DNA, RNA, and ribosomes are found in all forms of life. DNA and RNA use a genetic code that is shared by all living organisms. This provides powerful evidence to support the common ancestry of all living organisms on Earth.

Mendel’s laws of segregation and independent assortment explain how genetic information can be transferred from one generation to the next.

It is important to note that Mendel’s laws of segregation and independent assortment only apply to traits coded for by genes that are located on separate chromosomes. As discussed in Chapter 12, genes that are close together on the same chromosome are linked and tend to be inherited together more often. Mendel’s laws of segregation and independent assortment do not apply to linked genes.

Mendel’s law of segregation states that an organism carries two variations of every trait (called alleles), one from each parent, and these alleles segregate, or separate, independently into gametes. This segregation occurs during anaphase of meiosis. When homologous chromosomes separate during anaphase I, the alleles on those chromosomes will segregate into separate gametes. One variation (or allele) for a trait ends up in each gamete. When two gametes join during fertilization, the resulting offspring then again has two alleles for the trait.

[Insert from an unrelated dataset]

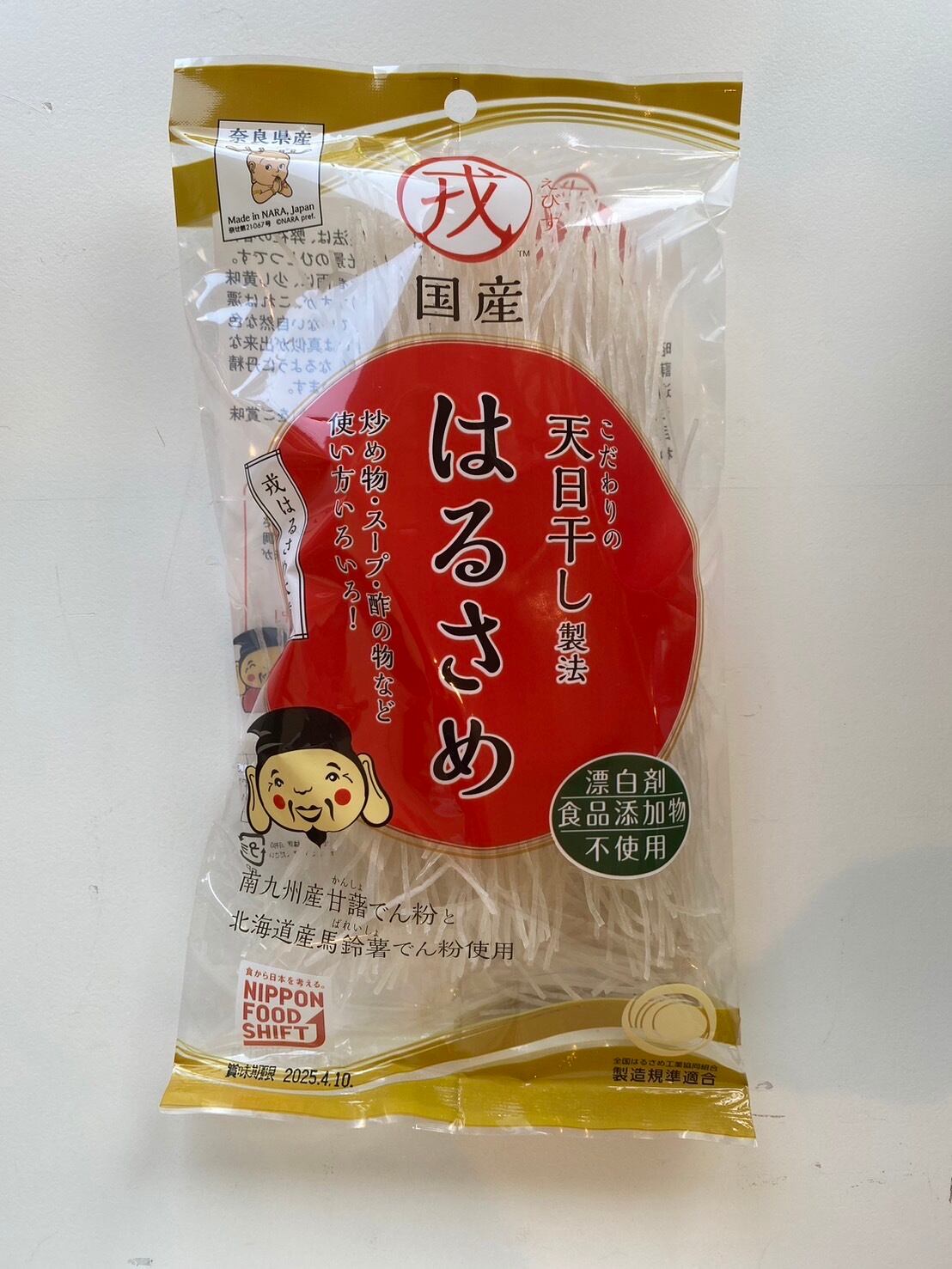 食品添加物不使用。昭和38年創業。南九州産の甘藷(さつまいも)でんぷんと北海道南十勝産の馬鈴薯(じゃがいも)でんぷんを原材料に、弊社の目指す春雨になるよう吟味を重ねこだわり抜いています。

Mendel’s law of independent assortment states that genes for different traits segregate independently of one another. This independent assortment occurs during metaphase I of meiosis. For example, in pea plants, inheriting the allele for purple flower color is an independent event from inheriting the allele for wrinkled peas. This is because the gene for flower color in peas is on a separate chromosome than the gene for pea shape. These chromosomes assort independently in metaphase I of meiosis.

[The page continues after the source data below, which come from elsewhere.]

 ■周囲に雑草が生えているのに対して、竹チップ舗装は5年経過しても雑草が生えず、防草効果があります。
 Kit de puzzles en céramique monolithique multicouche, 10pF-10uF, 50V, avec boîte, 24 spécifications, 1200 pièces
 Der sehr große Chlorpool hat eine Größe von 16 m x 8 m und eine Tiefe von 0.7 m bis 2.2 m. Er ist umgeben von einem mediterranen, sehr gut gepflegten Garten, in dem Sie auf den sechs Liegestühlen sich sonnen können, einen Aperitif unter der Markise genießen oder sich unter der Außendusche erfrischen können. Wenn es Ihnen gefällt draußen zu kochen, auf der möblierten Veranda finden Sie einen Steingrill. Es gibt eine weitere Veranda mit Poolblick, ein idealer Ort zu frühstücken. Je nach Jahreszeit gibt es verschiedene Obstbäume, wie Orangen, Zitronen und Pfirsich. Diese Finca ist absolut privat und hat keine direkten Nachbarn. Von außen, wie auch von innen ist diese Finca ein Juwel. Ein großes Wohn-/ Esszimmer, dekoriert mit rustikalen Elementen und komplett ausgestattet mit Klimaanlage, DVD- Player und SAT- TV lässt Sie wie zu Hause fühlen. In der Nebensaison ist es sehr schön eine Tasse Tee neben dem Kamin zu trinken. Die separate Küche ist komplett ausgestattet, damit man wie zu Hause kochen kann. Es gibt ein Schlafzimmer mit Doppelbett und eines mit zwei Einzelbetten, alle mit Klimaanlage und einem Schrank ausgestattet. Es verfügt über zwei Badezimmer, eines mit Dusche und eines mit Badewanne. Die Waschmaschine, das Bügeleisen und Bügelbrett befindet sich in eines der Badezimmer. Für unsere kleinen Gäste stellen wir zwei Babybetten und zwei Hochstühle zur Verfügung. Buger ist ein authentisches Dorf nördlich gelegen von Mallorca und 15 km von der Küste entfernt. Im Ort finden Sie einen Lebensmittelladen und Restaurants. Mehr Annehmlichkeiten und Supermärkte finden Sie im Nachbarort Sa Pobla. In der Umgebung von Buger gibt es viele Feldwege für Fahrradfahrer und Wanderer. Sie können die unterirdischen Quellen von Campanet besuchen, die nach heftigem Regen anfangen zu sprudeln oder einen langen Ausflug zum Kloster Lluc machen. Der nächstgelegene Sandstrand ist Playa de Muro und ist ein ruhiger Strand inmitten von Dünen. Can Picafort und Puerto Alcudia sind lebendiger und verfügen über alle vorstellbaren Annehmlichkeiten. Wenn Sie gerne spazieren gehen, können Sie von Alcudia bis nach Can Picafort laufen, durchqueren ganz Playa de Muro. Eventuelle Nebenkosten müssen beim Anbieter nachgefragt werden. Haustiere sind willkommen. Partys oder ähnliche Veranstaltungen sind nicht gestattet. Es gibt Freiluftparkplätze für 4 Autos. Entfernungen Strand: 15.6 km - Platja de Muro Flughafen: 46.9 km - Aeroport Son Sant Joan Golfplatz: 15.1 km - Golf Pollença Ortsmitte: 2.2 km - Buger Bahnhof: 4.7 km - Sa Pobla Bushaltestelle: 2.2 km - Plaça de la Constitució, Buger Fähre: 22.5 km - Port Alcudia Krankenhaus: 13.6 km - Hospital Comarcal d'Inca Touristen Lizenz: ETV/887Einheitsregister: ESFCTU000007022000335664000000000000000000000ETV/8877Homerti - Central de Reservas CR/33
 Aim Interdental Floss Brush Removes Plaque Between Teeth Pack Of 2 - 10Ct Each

A pedigree is a chart that illustrates the inheritance of a trait through several generations. Horizontal lines between two individuals in a pedigree show that those individuals have had offspring together. Offspring of these individuals are indicated by vertical lines. Circles typically represent females, and squares represent males. Circles or squares that are shaded usually represent individuals who possess the trait shown in the pedigree.

Examining the pattern of inheritance of a trait shown in a pedigree can give clues to the trait’s possible mode of inheritance. Dominant traits tend to be expressed in at least one parent and their offspring because only one allele for the trait is required for it to be expressed. Recessive traits often will be expressed in offspring, but not in either parent, because the parents are heterozygous carriers of the trait. Sex-linked recessive traits usually appear more often in males than in females. Chapter 14 will discuss the patterns of inheritance seen in non-Mendelian traits.

Before practicing some genetics problems, review the following terms:

§ Genotype—the genetic makeup or alleles for the trait in an organism (i.e., AA or Aa or aa)

§ Phenotype—the physical expression of the genotype in an organism (i.e., purple flowers or white flowers)

§ Homozygous—having two copies of the same allele for a trait (i.e., AA or aa)

§ Heterozygous—having two different alleles for a trait (i.e., Aa); Mendel referred to this as “hybrid”

§ Dominant—requires only one copy of the allele for the trait to be expressed in the phenotype; dominant traits are those that are expressed in organisms that are heterozygous

§ Recessive—requires two copies of the allele for the trait to be expressed in the phenotype; recessive traits are not expressed in organisms that are heterozygous

Probability in Genetics Problems

Problems that Involve a Monohybrid Cross

One of the simplest types of crosses is called a monohybrid cross. In a monohybrid cross, both parents are heterozygous (have two different alleles) for the trait. For example, purple flowers are dominant to white flowers in pea plants. Two heterozygous purple flowers are crossed. The results are shown in Figure 13.1.

TIP

Math is your friend when answering genetics problems! Using simple fractions and the laws of probability will help you solve genetics problems more accurately and efficiently.

Figure 13.1 Cross Between Two Pea Plants that Are Heterozygous for Flower Color

There are three possible genotypes that could result from this cross: PP, Pp, or pp. The probabilities of each are , and .

There are two possible phenotypes that could result from this cross: purple flowers or white flowers. Since both the PP and Pp genotypes would result in the purple flower phenotype, the probabilities of each phenotype are purple flowers and white flowers.

Consider another example. Two pea plants that are heterozygous for plant height are crossed. In pea plants, tall is dominant to short. The results of the cross are shown in Figure 13.2.

Figure 13.2 Cross Between Two Pea Plants that Are Heterozygous for Plant Height

There are three possible genotypes that could result from this cross: TT, Tt, or tt. The probabilities of each are , , and .

There are two possible phenotypes that could result from this cross: tall plants or short plants. Since both the TT and Tt genotypes would result in the tall phenotype, the probabilities of each phenotype are tall plants and short plants.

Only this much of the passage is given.